According to Ace Metrix, 40 percent of last year's final version spots were released online before they aired during Super Bowl XLV (45). The Mountain View, CA-based media research firm expects that number to be closer to 60 percent for Super Bowl XLVI.
Peter Daboll, Ace Metrix CEO, said his company surveyed 500 consumers last year about the ads they saw under sports television's ultimate spotlight. Daboll said there was a scattershot of negative feedback associated with the seeding tactic.
"We have seen some commentary that it can be a bit of a letdown come Super Bowl Sunday if they've already seen the ads," he said. "But it's still a very small percentage of the viewing audience that actually watches the spots before the game."

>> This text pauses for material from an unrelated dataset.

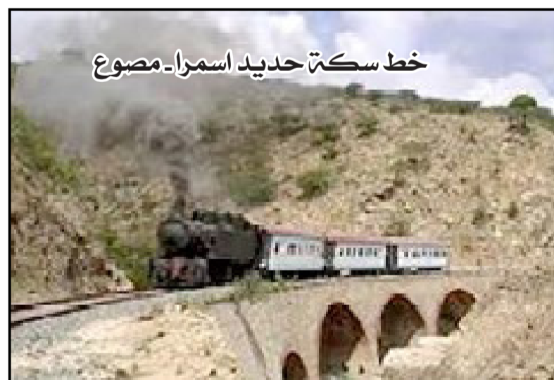
خط سكة حديد أسمرا-مصوع

مدارس تدرس حتى الصف الرابع فقط وتخرج أفراد يجيدون اللغة الإيطالية ليكونوا حلقة وصل بين المواطنين والمستعمر الإيطالي، وفي ذات السياق بذلت الإدارة الإيطالية كل ما في وسعها لنشر ثقافتها في اوساط المواطنين والتأثير على الثقافة الوطنية الإرترية، ونتيجة للإستثمار الكبير الذي وظفته إيطاليا في إرتريا شهدت البلاد تغيرات إجتماعية وإقتصادية سريعة وظهرت في الساحة مجتمعات حديثة ليتحول الهيكل الإجتماعي للمجتمعات الإرترية الى الرأسمالية التي كانت حينها في الصدارة والواجهة، ومع مرور الوقت ساهم ذلك في خلق شعور وطني موحد وبدأت المفاهيم الوطنية تغلغل في اوساط المواطنين بقوة، ونتيجة لذلك بدأ الإرتريون في مقاومة سياسة التجنيد الإجباري والظلم والإضطهاد لاسيما قوانين الفصل العنصري

Another question: Are there best practices for seeding TV ads, especially for the Super Bowl? Josh Seifert, a senior marketing strategist at Brooklyn, NY-based digital agency Huge, suggests there is a growing artfulness to the tactic.
"Simply running a spot ahead of time as an online pre-roll probably doesn't help a brand that much, because it's not really buzz-worthy," Seifert explained. "But releasing a spot early as an exclusive for loyal brand advocates within social media could be a valuable way to build buzz and make consumers feel more deeply connected than they might seeing a spot along with everyone else."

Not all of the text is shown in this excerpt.